Professional and business services eliminated 30,000 positions in February alone. But here's the kicker: white-collar payrolls have now contracted for 29 consecutive months.

"It's clear that white-collar hiring has slowed and white-collar payrolls have contracted. This is incredibly unusual, going back 70, 80 years," says Aaron Terrazas, former chief economist at Glassdoor. "We have not seen this long of a contraction in white-collar jobs outside of a recession ever before."

Oracle's cuts are explicitly tied to its AI data center push—redirecting money from office workers to construction. It's a pattern playing out across corporate America: invest in AI, cut human payroll.

Why the Unemployment Rate Lies

That 4.4% unemployment rate sounds manageable, right? Wrong. Terrazas argues it's become less reliable as labor market slack increasingly shows up as underemployment and workforce exits rather than formal unemployment.

The real signals come from job postings and hiring rates—both depressed for months. "We're getting smoke signals in all of these different corners of the economy right now," Terrazas warns.
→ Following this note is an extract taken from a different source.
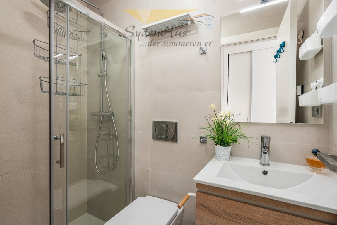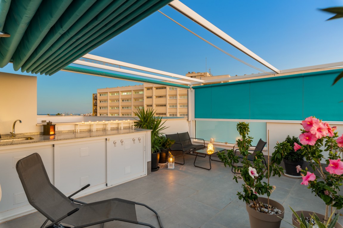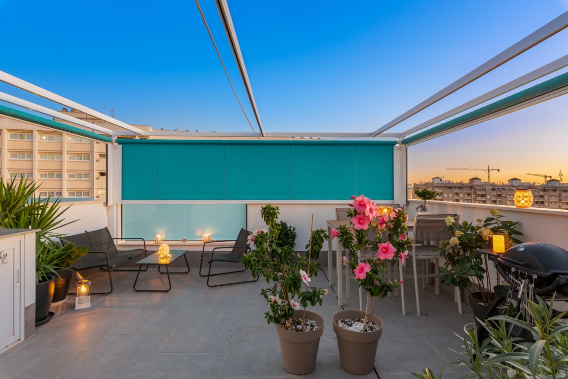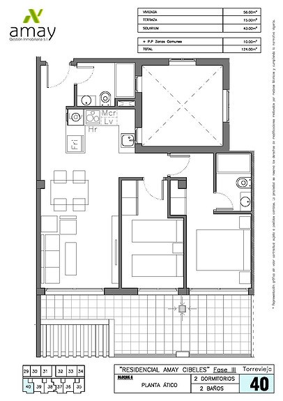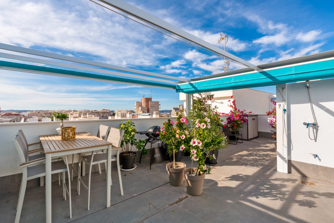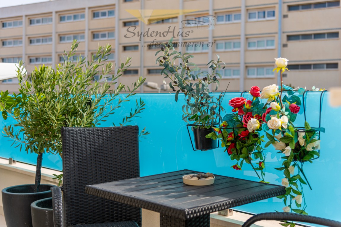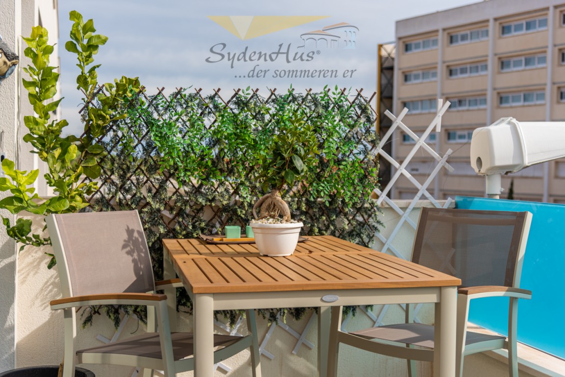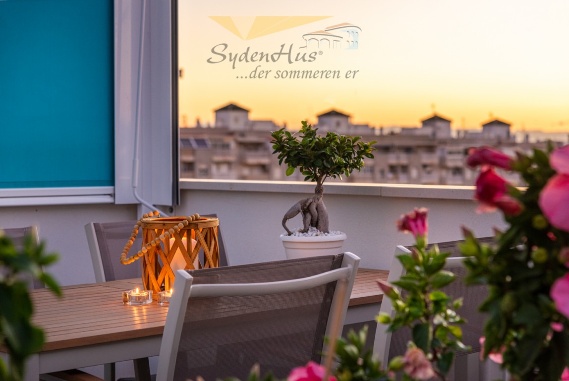 Boligen er endeseksjon i toppetasje (3. etasje norsk/2nd etg spansk) på nybygg oppført 2019, og inneholder:  gang, åpen kjøkkenløsning mot spisestue og stue, liten barløsning mot gang, 2 soverom, 2 bad.  Utgang v/heve-skyvedører fra stue og begge soverom til 15 kvm syd/vest vendt terrasse m/grill og utemøbler .  I tillegg avlåst takterrasse/solarium utstyrt m/utekjøkken, dusj, grill.  Boligen leveres fullt møblert.1 garasje i lukket anlekk. 1 bod tilknyttet garasjen.

Consider this: if companies like Oracle and Morgan Stanley are cutting thousands while investing billions in AI, what does that say about the future of middle management and office work?

The AI Investment Paradox

Companies are spending record amounts on artificial intelligence while simultaneously cutting human workers. Oracle's strategy is explicit: redirect financial resources from corporate payrolls toward AI infrastructure. The productivity gains from AI aren't creating jobs fast enough to replace the ones being eliminated.

This isn't just about tech companies. The pattern extends across industries as businesses automate routine tasks and eliminate middle-management layers.

This content is AI-generated based on source articles. While we strive for accuracy, errors may occur. We recommend verifying with the original source.